What to do ->
Write out each line of the listing as it stands, without the images.

Task material ->
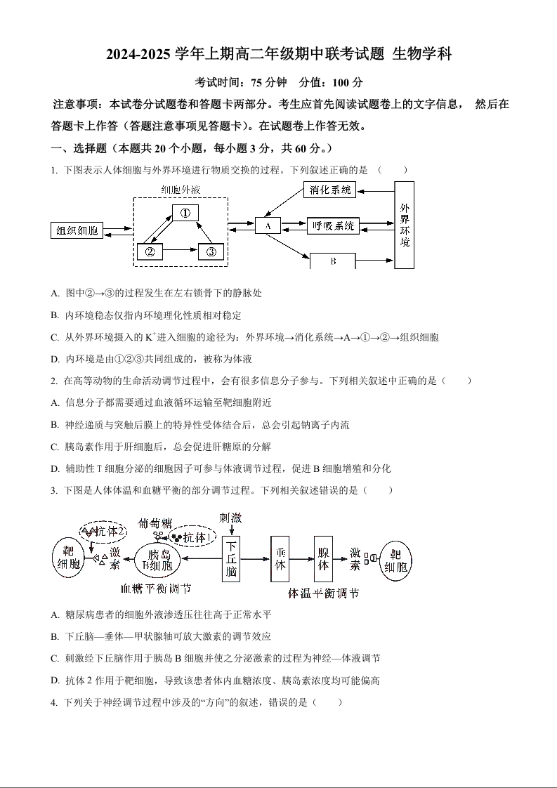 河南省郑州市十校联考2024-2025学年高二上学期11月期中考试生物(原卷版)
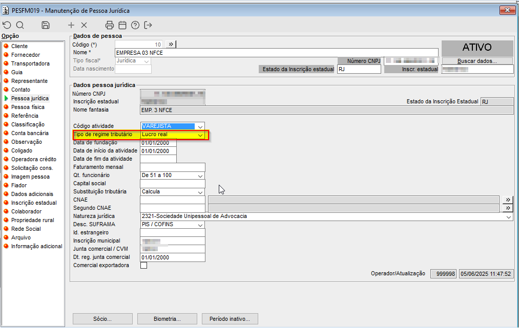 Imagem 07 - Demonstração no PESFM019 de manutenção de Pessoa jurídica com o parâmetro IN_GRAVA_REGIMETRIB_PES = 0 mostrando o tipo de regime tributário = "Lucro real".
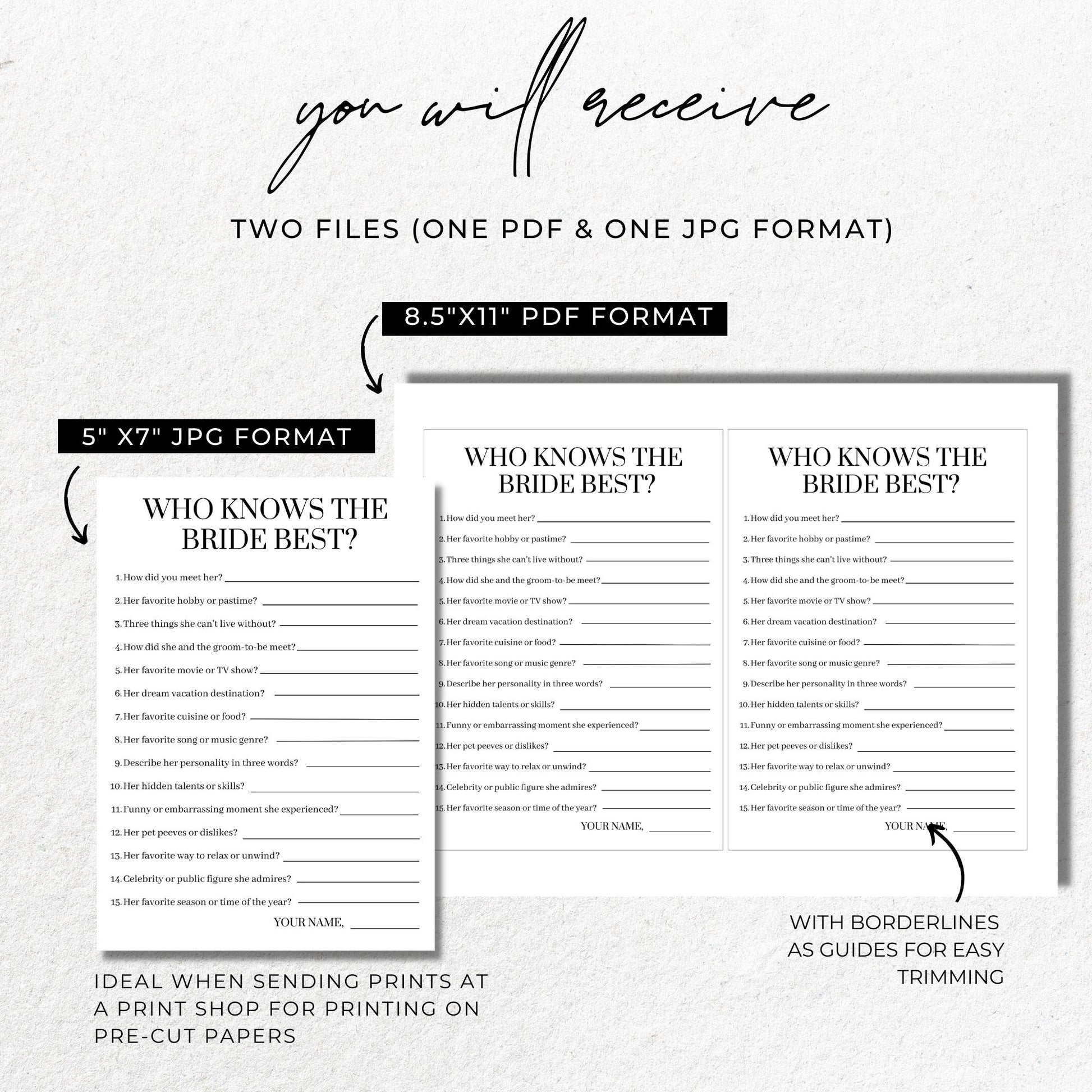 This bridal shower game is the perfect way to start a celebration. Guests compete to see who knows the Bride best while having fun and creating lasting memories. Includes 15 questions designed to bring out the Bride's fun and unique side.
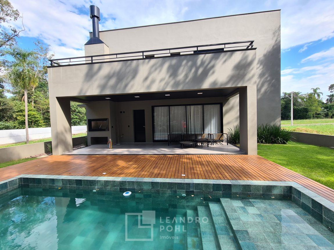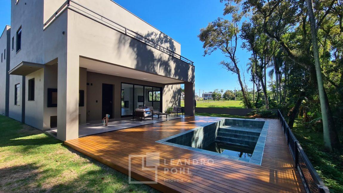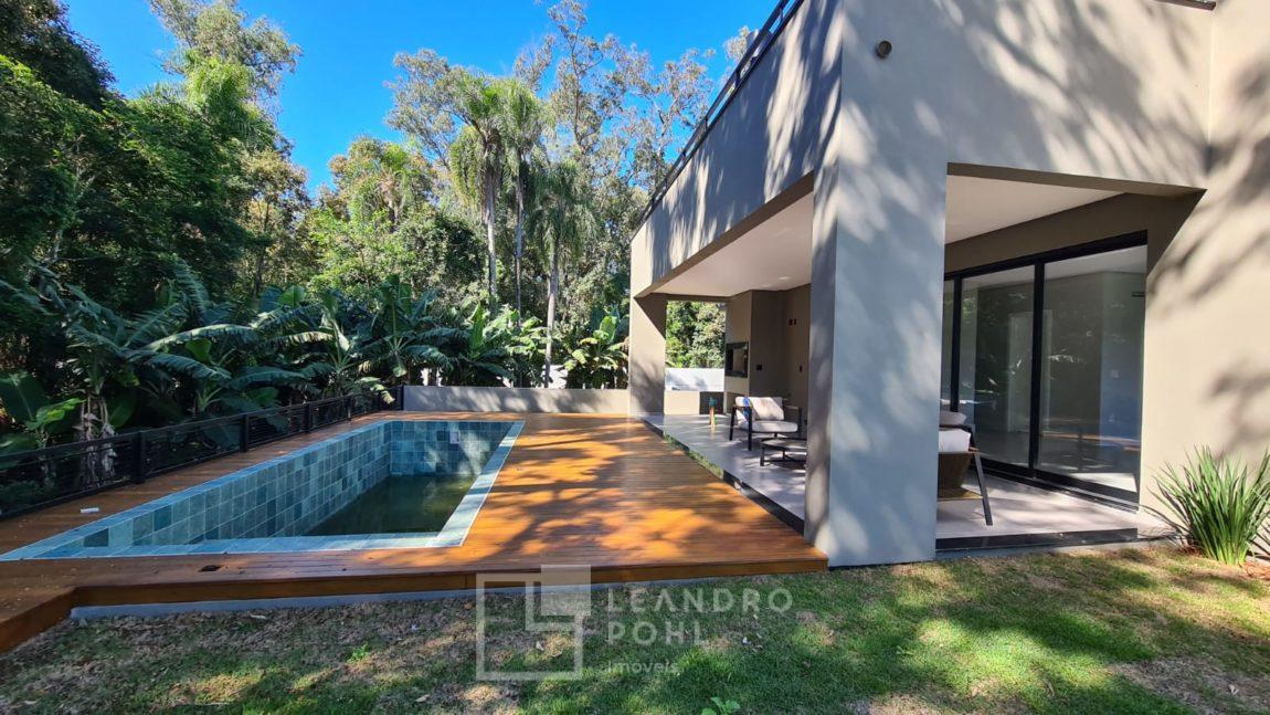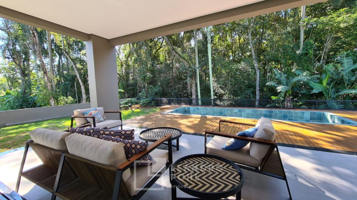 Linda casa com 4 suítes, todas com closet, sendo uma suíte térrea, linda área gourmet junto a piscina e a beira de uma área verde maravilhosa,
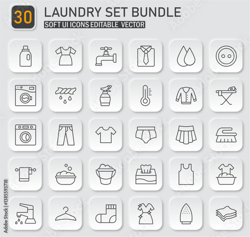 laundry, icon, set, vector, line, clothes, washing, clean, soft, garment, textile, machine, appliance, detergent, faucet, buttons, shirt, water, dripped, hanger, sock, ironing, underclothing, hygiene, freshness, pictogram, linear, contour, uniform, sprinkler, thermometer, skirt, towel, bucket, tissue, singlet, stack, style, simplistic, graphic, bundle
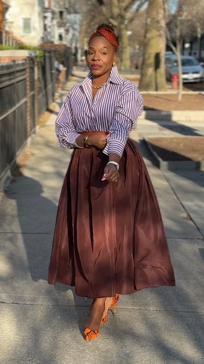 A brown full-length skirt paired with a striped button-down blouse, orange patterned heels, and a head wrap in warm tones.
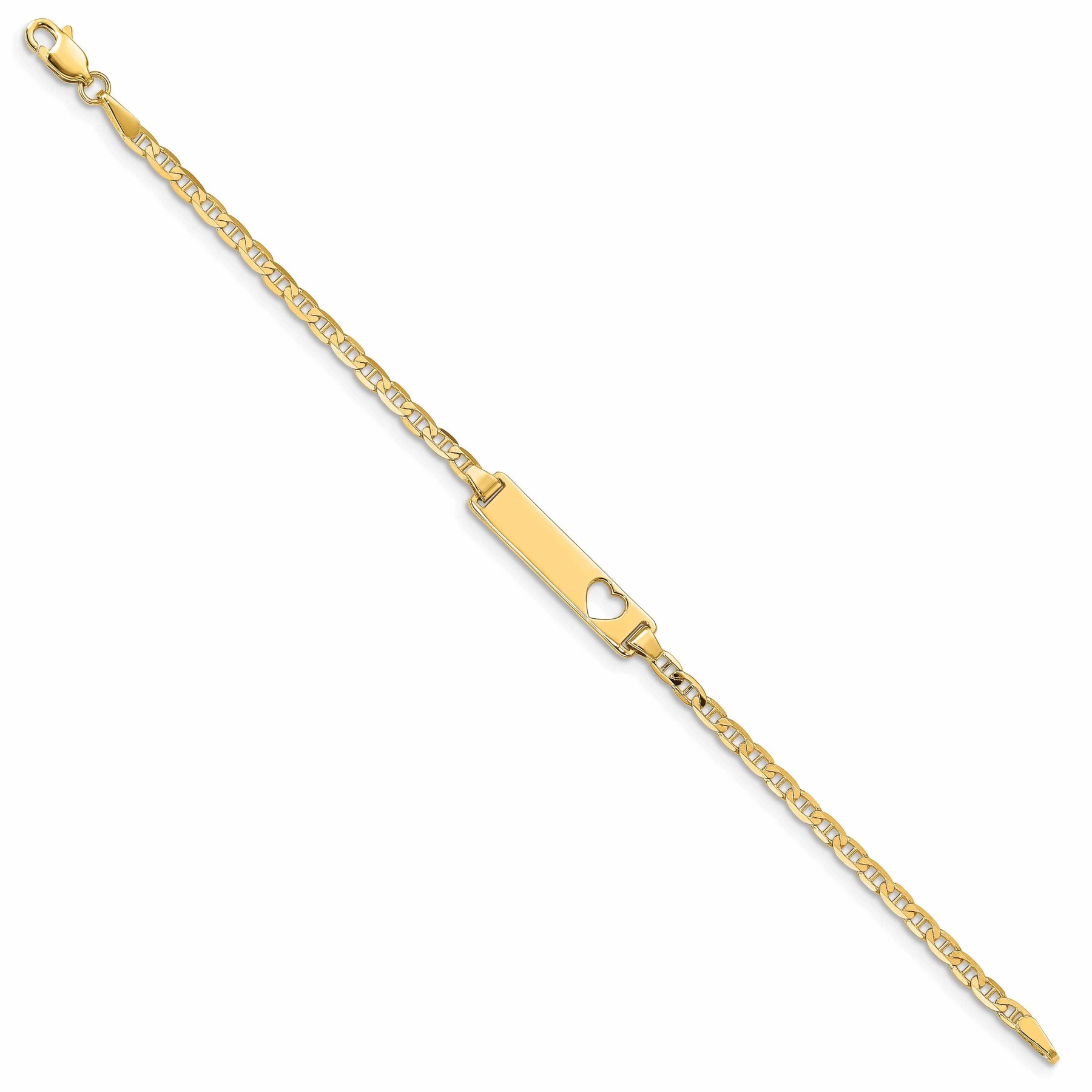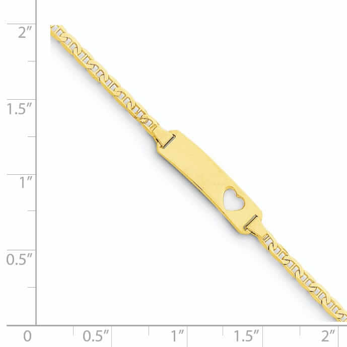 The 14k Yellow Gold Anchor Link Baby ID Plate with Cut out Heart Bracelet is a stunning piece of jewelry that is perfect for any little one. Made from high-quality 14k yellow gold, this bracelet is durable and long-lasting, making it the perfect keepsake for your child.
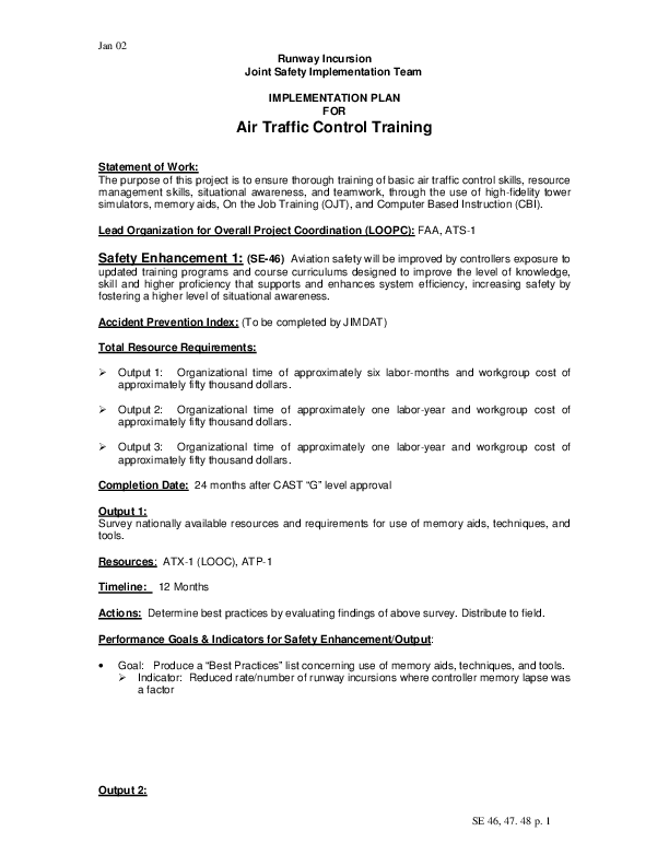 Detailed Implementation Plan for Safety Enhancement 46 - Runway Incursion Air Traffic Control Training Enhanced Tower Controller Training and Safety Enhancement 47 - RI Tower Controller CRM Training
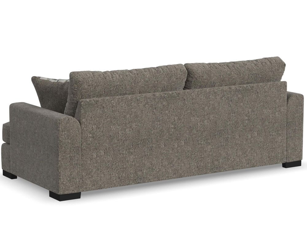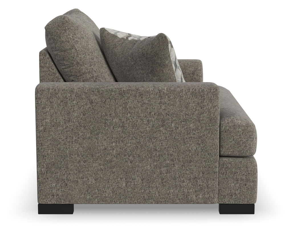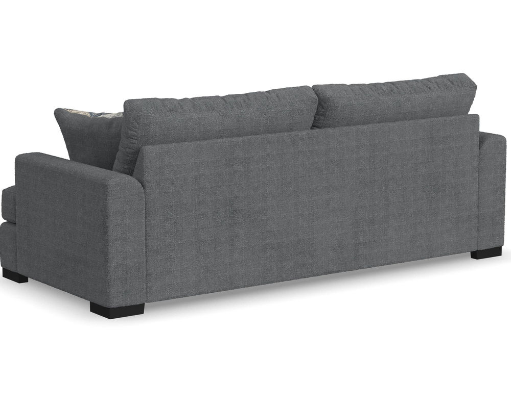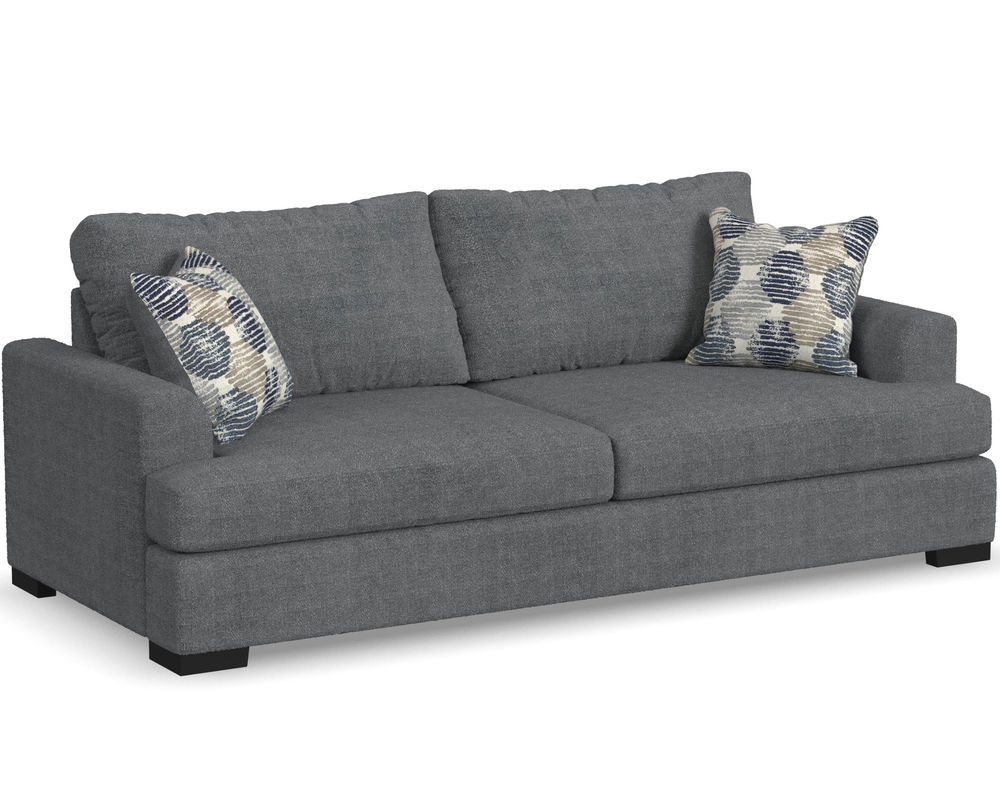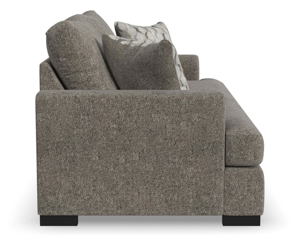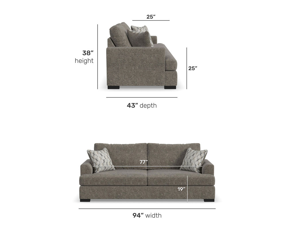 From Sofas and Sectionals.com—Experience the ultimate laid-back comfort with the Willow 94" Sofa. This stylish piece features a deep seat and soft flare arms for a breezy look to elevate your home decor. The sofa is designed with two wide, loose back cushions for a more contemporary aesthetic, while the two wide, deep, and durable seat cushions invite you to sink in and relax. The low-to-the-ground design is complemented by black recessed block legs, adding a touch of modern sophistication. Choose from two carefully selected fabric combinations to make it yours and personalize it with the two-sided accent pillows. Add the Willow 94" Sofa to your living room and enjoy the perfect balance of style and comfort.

Exercise answer ->
 河南省郑州市十校联考2024-2025学年高二上学期11月期中考试生物(原卷版)
 Imagem 07 - Demonstração no PESFM019 de manutenção de Pessoa jurídica com o parâmetro IN_GRAVA_REGIMETRIB_PES = 0 mostrando o tipo de regime tributário = "Lucro real".
 This bridal shower game is the perfect way to start a celebration. Guests compete to see who knows the Bride best while having fun and creating lasting memories. Includes 15 questions designed to bring out the Bride's fun and unique side.
 Linda casa com 4 suítes, todas com closet, sendo uma suíte térrea, linda área gourmet junto a piscina e a beira de uma área verde maravilhosa,
 laundry, icon, set, vector, line, clothes, washing, clean, soft, garment, textile, machine, appliance, detergent, faucet, buttons, shirt, water, dripped, hanger, sock, ironing, underclothing, hygiene, freshness, pictogram, linear, contour, uniform, sprinkler, thermometer, skirt, towel, bucket, tissue, singlet, stack, style, simplistic, graphic, bundle
 A brown full-length skirt paired with a striped button-down blouse, orange patterned heels, and a head wrap in warm tones.
 The 14k Yellow Gold Anchor Link Baby ID Plate with Cut out Heart Bracelet is a stunning piece of jewelry that is perfect for any little one. Made from high-quality 14k yellow gold, this bracelet is durable and long-lasting, making it the perfect keepsake for your child.
 Detailed Implementation Plan for Safety Enhancement 46 - Runway Incursion Air Traffic Control Training Enhanced Tower Controller Training and Safety Enhancement 47 - RI Tower Controller CRM Training
 From Sofas and Sectionals.com—Experience the ultimate laid-back comfort with the Willow 94" Sofa. This stylish piece features a deep seat and soft flare arms for a breezy look to elevate your home decor. The sofa is designed with two wide, loose back cushions for a more contemporary aesthetic, while the two wide, deep, and durable seat cushions invite you to sink in and relax. The low-to-the-ground design is complemented by black recessed block legs, adding a touch of modern sophistication. Choose from two carefully selected fabric combinations to make it yours and personalize it with the two-sided accent pillows. Add the Willow 94" Sofa to your living room and enjoy the perfect balance of style and comfort.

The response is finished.